* **GIVEN RECORDS**:
★ ★ ★ ★ ★ ★ ★

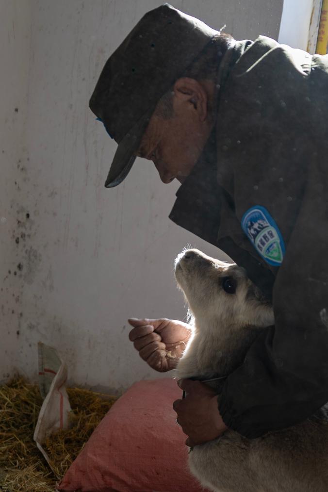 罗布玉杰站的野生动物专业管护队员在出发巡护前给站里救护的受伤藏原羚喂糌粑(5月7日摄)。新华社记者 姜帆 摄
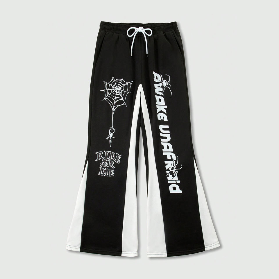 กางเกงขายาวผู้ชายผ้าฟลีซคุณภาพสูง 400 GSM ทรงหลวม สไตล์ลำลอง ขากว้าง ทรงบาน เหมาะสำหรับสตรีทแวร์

★ ★ ★ ★ ★ ★ ★

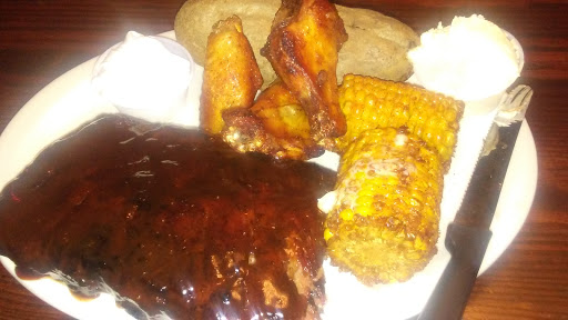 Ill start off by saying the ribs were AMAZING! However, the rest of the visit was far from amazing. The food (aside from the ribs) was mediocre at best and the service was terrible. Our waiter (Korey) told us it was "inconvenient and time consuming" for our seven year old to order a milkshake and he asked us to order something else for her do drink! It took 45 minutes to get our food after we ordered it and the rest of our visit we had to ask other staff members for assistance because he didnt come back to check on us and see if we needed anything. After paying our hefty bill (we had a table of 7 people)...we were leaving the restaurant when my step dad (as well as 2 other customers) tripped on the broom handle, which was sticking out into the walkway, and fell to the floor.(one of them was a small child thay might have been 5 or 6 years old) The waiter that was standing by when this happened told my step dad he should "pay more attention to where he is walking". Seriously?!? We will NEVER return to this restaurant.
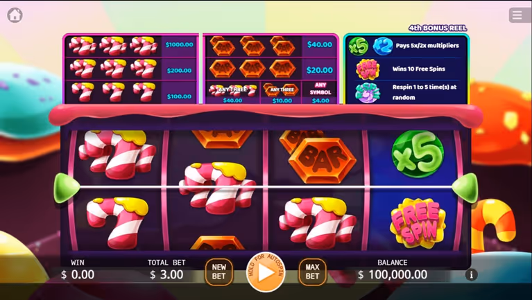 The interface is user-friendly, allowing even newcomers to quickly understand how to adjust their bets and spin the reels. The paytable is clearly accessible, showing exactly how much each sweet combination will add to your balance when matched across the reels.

★ ★ ★ ★ ★ ★ ★

* **ASSIGNED TASK**: Leave the pictures out, and transcribe exactly the lines above starting at the one that contains "罗布玉杰站的野生动物专业管护队员在出发巡护前给站里救护的受伤藏原羚喂糌粑(5月7日摄)。新华社记者 姜帆 摄" and ending at the one that contains "กางเกงขายาวผู้ชายผ้าฟลีซคุณภาพสูง 400 GSM".

* **SOLUTION**:
 罗布玉杰站的野生动物专业管护队员在出发巡护前给站里救护的受伤藏原羚喂糌粑(5月7日摄)。新华社记者 姜帆 摄
 กางเกงขายาวผู้ชายผ้าฟลีซคุณภาพสูง 400 GSM ทรงหลวม สไตล์ลำลอง ขากว้าง ทรงบาน เหมาะสำหรับสตรีทแวร์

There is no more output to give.